(Records from a data source)

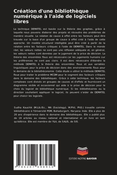 La technique DEMATEL est basée sur la théorie des graphes, grâce à laquelle nous pouvons élaborer des projets et résoudre des problèmes de manière visuelle. La relation de cause à effet entre les facteurs peut être trouvée sur la base d'un groupe de cause à effet créé à l'aide de cette approche. Un modèle structurel intelligible peut être créé à partir de la relation entre les facteurs critiques à l'aide de DEMATEL. Dans le monde réel, les valeurs nettes ne sont pas une réflexion adéquate et, en général, les valeurs nettes sont données par le jugement de la prise de décision. La théorie des ensembles flous est nécessaire car les jugements humains sur les préférences ne sont pas clairs. Il est donc nécessaire d'étendre la méthode DEMATEL à la théorie des ensembles flous et aux variables linguistiques pour la prise de décision dans des environnements flous pour le domaine de la bibliothéconomie. Cette étude a utilisé la méthode DEMATEL floue pour traiter le problème MCDM pour le segment des facteurs critiques dans le domaine des bibliothèques. Grâce à cette technique, les facteurs complexes sont divisés en groupes de causes et d'effets et fournissent un diagramme visible et occasionnel qui aide à la prise de décision pour le choix du logiciel de bibliothèque numérique. Si les bibliothécaires ou la direction souhaitent appliquer le logiciel, ils peuvent s'aider de DEMATEL pour choisir les logiciels.
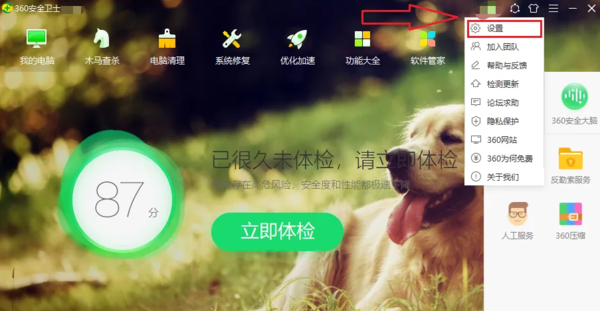 1、打开360安全卫士,点击右上角的【头像】处,点击【设置】;
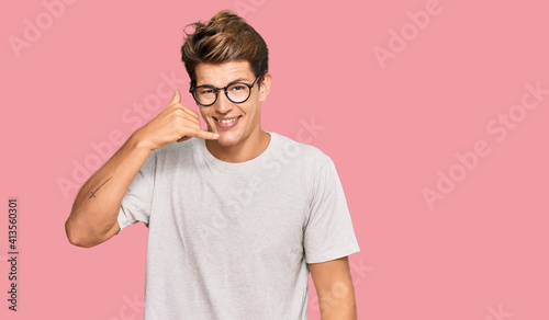 Handsome caucasian man wearing casual clothes and glasses smiling doing phone gesture with hand and fingers like talking on the telephone. communicating concepts.
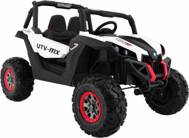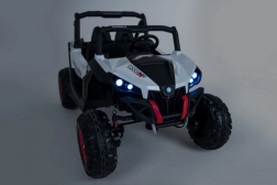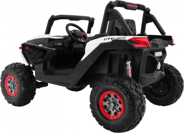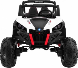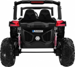 Der Buggy ist dank der separaten Federung (2× vorne, 2× hinten) mit einstellbaren Gewindestoßdämpfern auf eine stabile und komfortable Fahrt ausgelegt. Die großen EVA-Räder 35×15 cm dämpfen Unebenheiten ausgezeichnet und die hohe Bodenfreiheit von 23 cm hilft abseits befestigter Wege. Der Doppelsitz aus schwarzem, belüftetem Eco-Leder mit Gurten sorgt für Komfort und Sicherheit auch für zwei Fahrer.
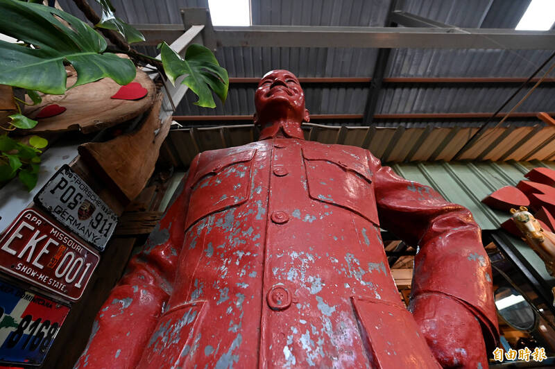 內惟跳蚤市場裡面竟然有蔣介石雕像。(記者李惠洲攝)
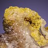 Cauliflower-shaped clusters of quince yellow Mimetite crystals are associated with glassy translucent Calcite crystals. When I took a closer look at the specimen under the microscope, just as I was uploading the photos for the auction, I discovered that the brownish-black coating on some of the Mimetite clusters are fine black metallic needles. This could be Plattnerite, a Lead oxide associated with Mimetite, and reported by Peter Megaw from the 4th level of the San Antonio Mine (MinRec 2018, Jan-Feb p125).

- **ACTION ITEM**:
Your answer must be the exact lines from the one containing "內惟跳蚤市場裡面竟然有蔣介石雕像。(記者李惠洲攝)" through the last line of the records above, with both included and no pictures.

- **PROBLEM SOLUTION**:
 內惟跳蚤市場裡面竟然有蔣介石雕像。(記者李惠洲攝)
 Cauliflower-shaped clusters of quince yellow Mimetite crystals are associated with glassy translucent Calcite crystals. When I took a closer look at the specimen under the microscope, just as I was uploading the photos for the auction, I discovered that the brownish-black coating on some of the Mimetite clusters are fine black metallic needles. This could be Plattnerite, a Lead oxide associated with Mimetite, and reported by Peter Megaw from the 4th level of the San Antonio Mine (MinRec 2018, Jan-Feb p125).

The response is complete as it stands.